‘Disappointing’ unanimous decision invalidated a balanced Massachusetts law ‘that helped protect public safety and ensure women’s access to reproductive health care’
SAN FRANCISCO (June 26, 2014) — The U.S. Supreme Court today struck down a Commonwealth of Massachusetts law barring protests within a 35-foot buffer zone around entrances to abortion clinics. While the San Francisco City Attorney’s Office is still evaluating whether or to what extent San Francisco’s own local buffer zone ordinance may be impacted by today’s unanimous high court decision, Deputy City Attorney Erin Bernstein (who co-authored the San Francisco’s amicus brief in the case along with 17 other local governments) offered the following statement:
“At first glance, today’s U.S. Supreme Court ruling in McCullen v.
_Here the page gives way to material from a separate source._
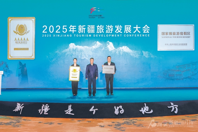 5月25日,新疆維吾爾自治區和兵團在阿克蘇地區庫車市聯合召開2025年新疆旅游發展大會。自治區黨委書記、兵團黨委第一書記、第一政委馬興瑞出席會議,并為2024年獲評國家5A級旅游景區的天山托木爾景區、獲評國家級旅游度假區的青格達湖旅游度假區授牌。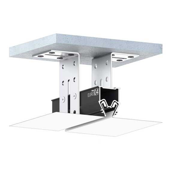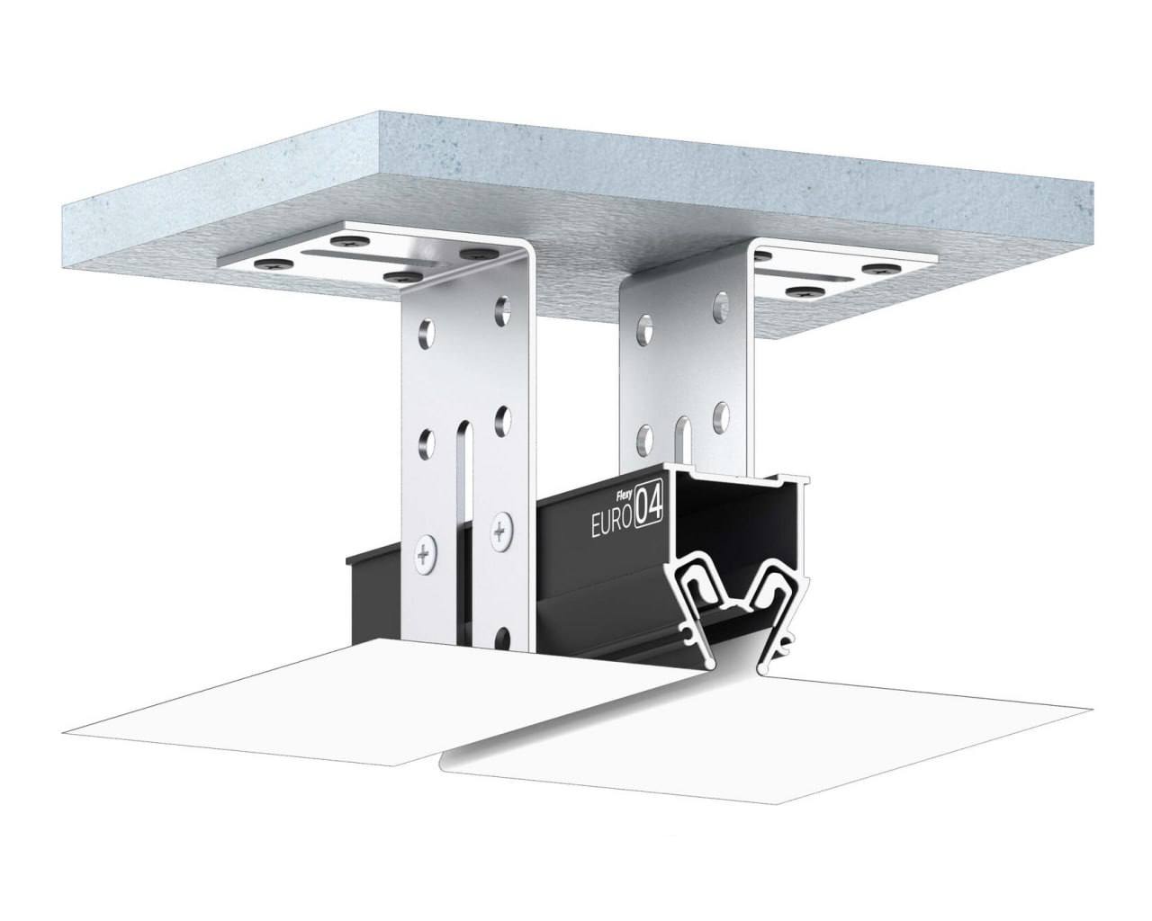 Разделительный профиль Flexy EURO 04 с теневым зазором для натяжных потолков с гарпунной системой крепления полотна. Используется для наклонных натяжных потолков на мансардах либо для разделения поверхности полотна на несколько сегментов без использования разделительной вставки.

Coakley is disappointing,” Deputy San Francisco City Attorney Erin Bernstein said. “The Court appears to have taken away from Massachusetts a balanced and effective law that helped protect public safety and ensure women’s access to reproductive health care. The City Attorney’s Office is closely examining the ruling and evaluating its effect, if any, on San Francisco’s local buffer zone ordinance. For more than a decade, City Attorney Dennis Herrera has worked to make sure that San Franciscans can access constitutionally protected reproductive health care. Our office has worked to overturn federal laws that put barriers between women and the safest medical options available, and we are currently defending the Pregnancy Information Disclosure and Protection Ordinance, which prohibits centers from deceptively advertising to vulnerable women seeking abortion care. Regardless of today’s ruling, City Attorney Herrera will continue protecting women’s safe and timely access to care.”
The case is: McCullen v. Coakley, Supreme Court of the United States Case No. 12-1168, decided June 26, 2014. Additional information is available on the San Francisco City Attorney’s website at: https://www.sfcityattorney.org/.
PDF of the S.F. City Attorney’s presskit on McCullen v. Coakley ruling (June 26, 2014)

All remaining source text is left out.